Oh, poor Miko! I'm so sorry you both are having to go through this. I'm still sending good wishes and positive thoughts for Miko's recovery.

It's completely outrageous that the dog walker won't pay for anymore vet bills. And to say that you made the whole situation worse by panicking? WTH? That's crazy! It's ridiculous that you have to pursue legal action in order for her to own up to her responsibilities. She absolutely deserves to be sued.


----------



## Karin (Jan 4, 2008)

Oh no! I'm so sorry to hear this! I hope the infection subsides soon and that he is on the road to recovery again. 

I cannot believe that the dog walker is trying to put the blame on you when YOU'RE the one who saw a potential problem, which she chose to ignore and it was the dogs that SHE was in charge of that attacked.


----------



## Kayla's Dad (Jul 2, 2007)

> Originally Posted By: Jax08This is a dog walker? As in paid to care for another person's animal? So where is the dog owner?

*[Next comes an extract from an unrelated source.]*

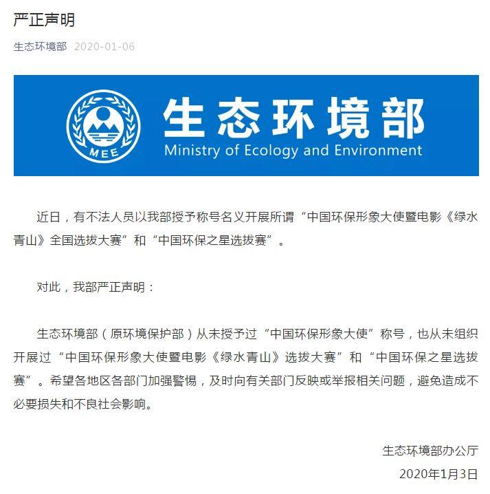 对此,生态环境部发表严正声明指出,生态环境部(原环境保护部)从未授予过“中国环保形象大使”称号,也从未组织开展过“中国环保形象大使暨电影《绿水青山》选拔大赛”和“中国环保之星选拔赛”。

George might check with the local animal controls and services. 
<u>*S.F. Animal Control-Guidelines for Dog Walkers*</u> 

Whether she's listed with them or not, I would file a complaint (with pictures and witness statements) if you haven't already done so. They may even be able to give you some direction with how to go about this in San Francisco.


----------



## george1990 (Nov 24, 2008)

Okay guys, another update. Again, I appreciate everyone's input thus far.

Miko's at the vet again. He's sedated, and the vet will let me know after he's done with a few other appointments the recommended interventions.

While he was at the vet, me and my girlfriend headed out to Fort Funston. We were looking for the other dog walker who helped out and saw everything. We looked for an hour and couldn't find him. On our way out, we lucked out big time and saw him (he had glasses on and a hat this time). He actually noticed us and asked how Miko was doing. I told him what was going on and how she refused to pay for treatments and he totally agreed that given the circumstances, she should have paid for everything, and he would back me up. He knew her as an acquaintance and said he would talk to her. He gave me his number, name and said he would help in any way, and told me the name of his business and his hours so I could find him easily.

So I have a witness, pictures, reported the incident to SF Animal Control, documentation from the vet, texts from her accusing me of starting the fight by panicking and punching and kicking. She also texted, and I quote, "there were a few witnesses that saw the dogs were playing until I panicked and started hitting the dogs." There were really no other real witnesses, as it was raining and was really empty, except for the dog walker that helped and Sarah. There were a few off in the distance, but they could not hear any dialogue I'm sure.

Anything else I'm missing? I've never done this before. Thank you.


----------



## Caledon (Nov 10, 2008)

My daughter was a dog walker, until I badgered her to quit.

The company that she worked for hired her as an indepent contractor, told her that they would cover the insurance if anything were to happen, however, this was not in writing. She also told me that they told her that the dog owner's home insurance covered liability. I didn't believe it. I called them to question this and they would not answer my questions.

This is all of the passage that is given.